Pikiteora Maude Emily Gertrude Edith "Pixie" Williams (married name Costello; 12 July 1928 – 2 August 2013) was a New Zealand singer best known for the song "Blue Smoke", recorded in 1949. In 2019, she was inducted into the New Zealand Music Hall of Fame.

==Early life and family==
Williams was born in 1928 at Mohaka in the Hawke's Bay region. Of Māori descent, she was affiliated to the Ngāti Kahungunu iwi. She was raised by her grandparents until she was 12 years old, when her grandmother died. She then lived with her uncle, and then, from the age of 14, her mother. When she was 17, Williams moved to Wellington, finding work in a factory and living at the YWCA hostel on Oriental Parade.

=="Blue Smoke"==

"Blue Smoke" was the first single to be locally recorded and manufactured in New Zealand, backed by the song "Señorita", and was also the first release on the local TANZA label. The A-side was written by Ruru Karaitiana whilst he was on board a troop ship during World War II, and was recorded in September and October 1948 for release in February the following year by the Ruru Karaitiana Quintette (sic) with Williams on vocals. It was number one on the New Zealand charts for six weeks and sold around 50,000 copies.

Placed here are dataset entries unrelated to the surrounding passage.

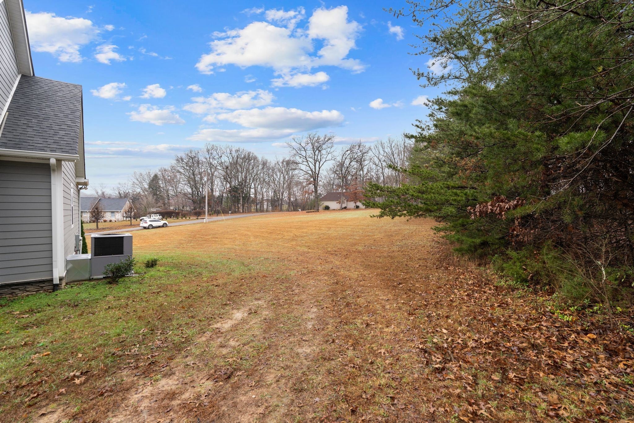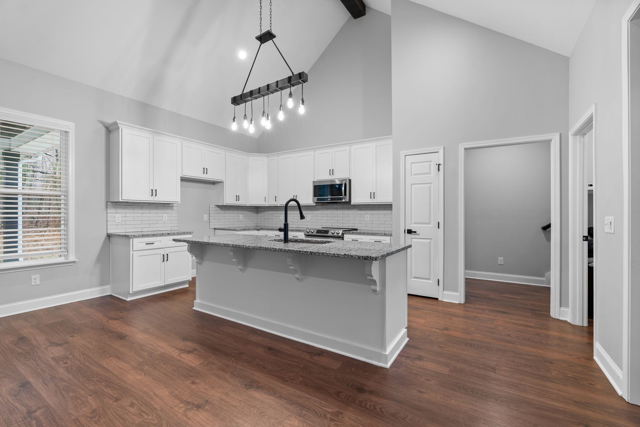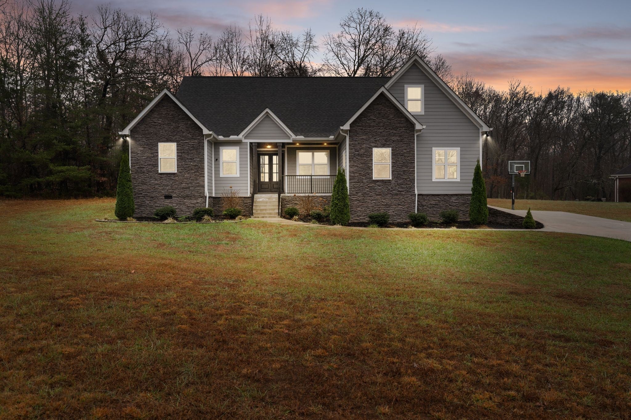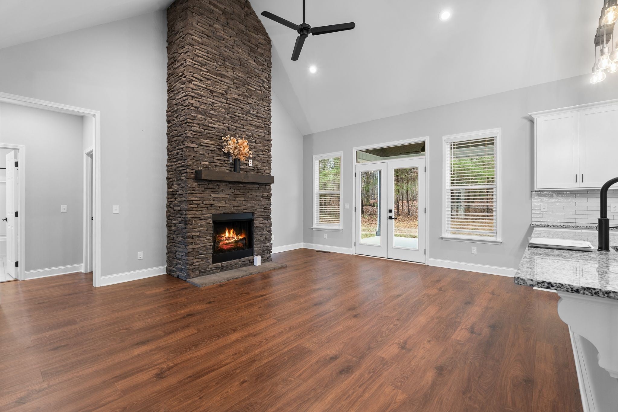 Welcome to a modern country retreat tucked away on a quiet 1.18-acre lot. This 2022-built home offers an inviting open floorplan with vaulted ceilings, a cozy fireplace, and great natural light throughout. The kitchen features a spacious island with room for seating. The primary suite offers a beautifully finished bath with double vanities. Relax on the covered back porch overlooking wooded views or enjoy the large yard with endless potential. A peaceful setting with quick access to town — the perfect place to call home.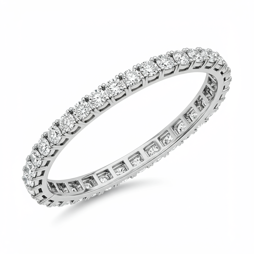 The Forever Bracelet embodies timeless elegance, meticulously crafted in 18KT white gold. A continuous line of perfectly matched, brilliant-cut VVS diamonds encircles the wrist, symbolizing unending commitment and beauty. Each diamond is secured in a classic yet streamlined setting, maximizing light return and scintillation. This exquisite bangle offers a sophisticated statement piece, designed to be worn and cherished for generations.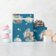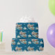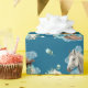 Detta inpackningspapper har en västerländsk hästmålning i akvarell med mjuka blomaccent och klassiska cowgirl-element, inklusive cowgirlstövlar och en cowgirlhatt. Mot en rik navyblå bakgrund med turkos och neutrala toner skapar det en elegant västerländsk look som är perfekt för att slå in presenter till en hästfödelsedagsfest.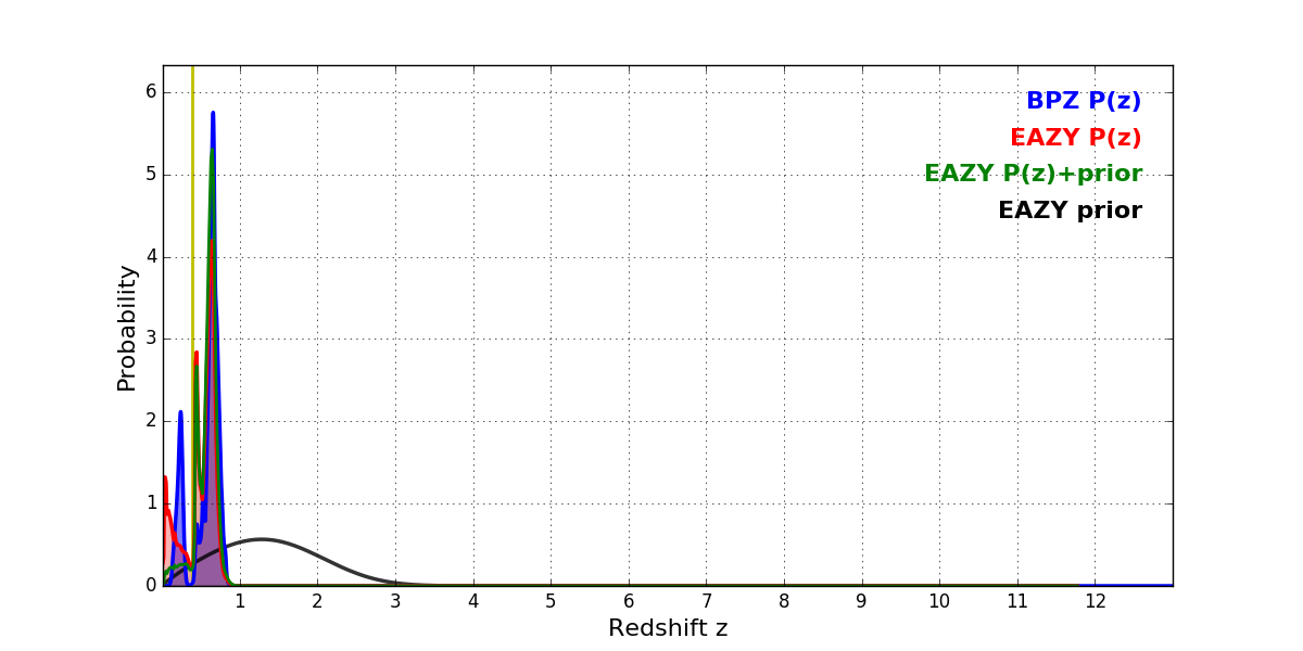 In P(z) plots: Yellow lines mark the cluster redshift z = 0.390,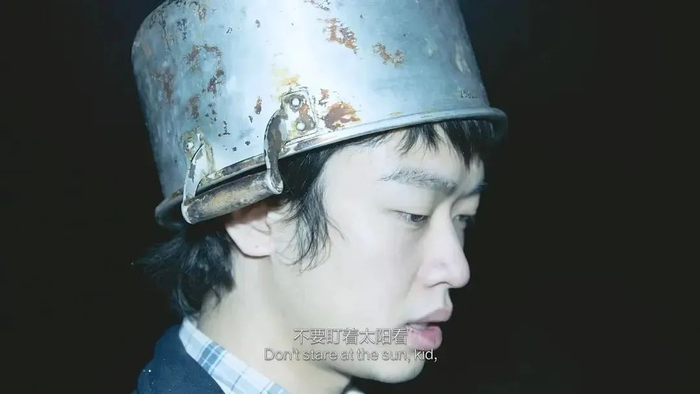 电影里,王一通扮演会念诗的神秘少年孔一通,因为常常晕倒,便一直头顶一口铝锅保护自己。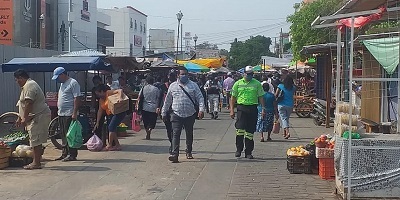El centro de Juchitán cada día va luciendo menos concurrido; de no ser por la sucursal de Banamex y uno que otro comerciante ambulante que coloca su puesto de frutas, este espacio estaría prácticamente sin gente, pues los puestos de flores han sido cerrados.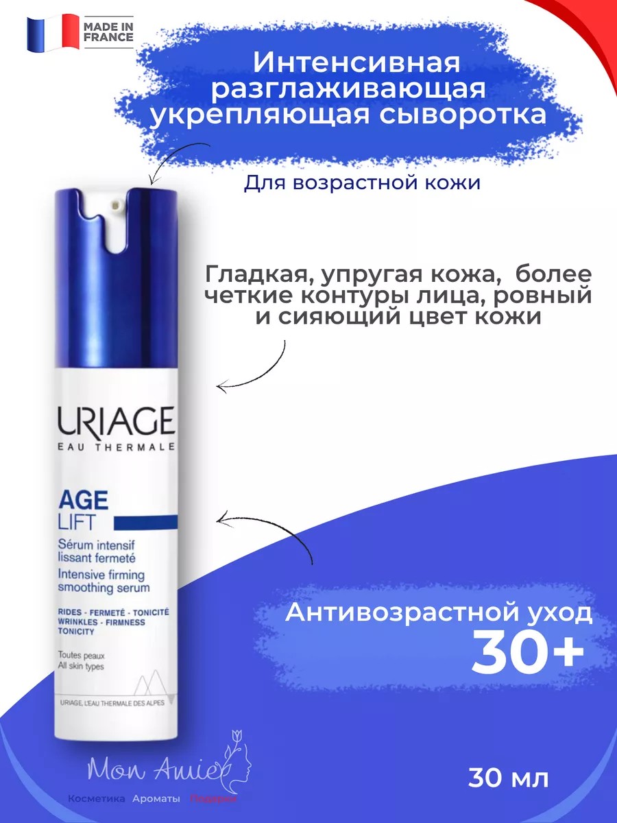 Uriage Age Lift Serum intensif lissant fermete 30 мл (Сыворотка интенсивная разглаживающая укрепляющая) для всех типов кожи.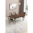 Sar Pakete Almira Serisi, Barok Ahşap Desen 80x132 Açılabilir Mdf Mutfak Masası Takımı 4 Adet Sandalye Cappucino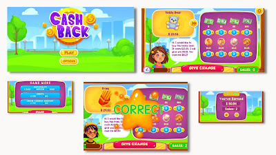 Cash back adalah permainan dimana pemain akan memberi pelanggan atau customer kembalian uang dengan menggunakan uang kertas dan koin. Menghitung berapa uang cash back yang seharusnya diberikan sebelum waktu yang tersedia habis.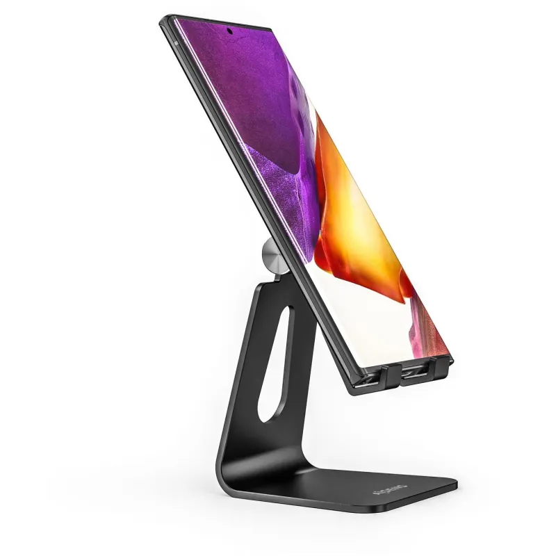 DISEÑO ELEGANTE Y FUNCIONAL: Este soporte pasivo es ideal para teléfonos móviles, smartphones, tabletas y UMPC, proporcionando una solución ergonómica y estilizada para uso en escritorio e interiores. Fabricado en aluminio de alta calidad con un elegante color negro, este soporte es robusto y duradero, ofreciendo una base segura y confiable para tus dispositivos.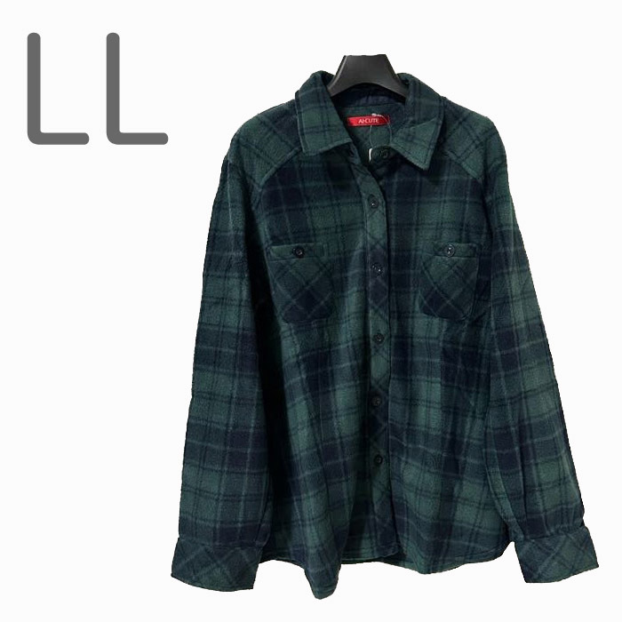 - ●新品/フリース/シャツ/LL/グリーン系/チェック/レディース●f10042

A self-taught singer, Williams was recommended to Karaitiana by his fiancée Joan, who had sung with her whilst staying at YWCA hostel in Wellington. She was to go on to sing on several more recordings during 1949 and 1950: "Bellbird Serenade" (backed by Jimmy Carter's Hawaiians), "Maori Rhythm" (backed by Alan Shand's Orchestra), and "Saddle Hill", as part of Ruru Karaitiana's Quavertones. The Quavertones were credited with "Let's Talk it Over" and "Windy City".

==Later life==
In 1951, Williams went to Dunedin, where she met and married Irish-born John Edward "Paddy" Costello. The couple went on to have four children. Paddy Costello died in 2006, and Williams returned to live in Wellington.

In 2011, the Recording Industry Association of New Zealand recognised Williams with a triple platinum award for "Blue Smoke" and single platinum award for the song "Let's Talk it Over". The same year, a digitally remastered compilation of Williams' songs, For the Record: The Pixie Williams Collection, was released.

Williams died at a rest home and hospital in Upper Hutt on 2 August 2013. She had been suffering from dementia, diabetes and Parkinson's disease. After a funeral in Upper Hutt, Williams was buried with her husband at Green Park Cemetery in Waldronville, Dunedin.

==Awards==
On 2 October 2019, Williams, along with Ruru Karaitiana and Jim Carter, was inducted into the New Zealand Music Hall of Fame, to mark the 70th anniversary of the release of "Blue Smoke".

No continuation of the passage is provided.